**EXERCISE GOAL:**
In the entries below, which lines run from the one containing "Make way for" to the one containing "Bi-fold Ramp Gate Upgrade"? Copy exactly those lines, ends included, and no others.

**GIVEN DATA:**
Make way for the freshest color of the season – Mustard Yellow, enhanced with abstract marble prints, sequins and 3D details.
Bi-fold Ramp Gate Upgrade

...

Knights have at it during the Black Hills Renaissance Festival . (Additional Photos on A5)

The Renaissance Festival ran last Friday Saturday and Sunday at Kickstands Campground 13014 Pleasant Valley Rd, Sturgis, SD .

**SOLUTION:**
Make way for the freshest color of the season – Mustard Yellow, enhanced with abstract marble prints, sequins and 3D details.
Bi-fold Ramp Gate Upgrade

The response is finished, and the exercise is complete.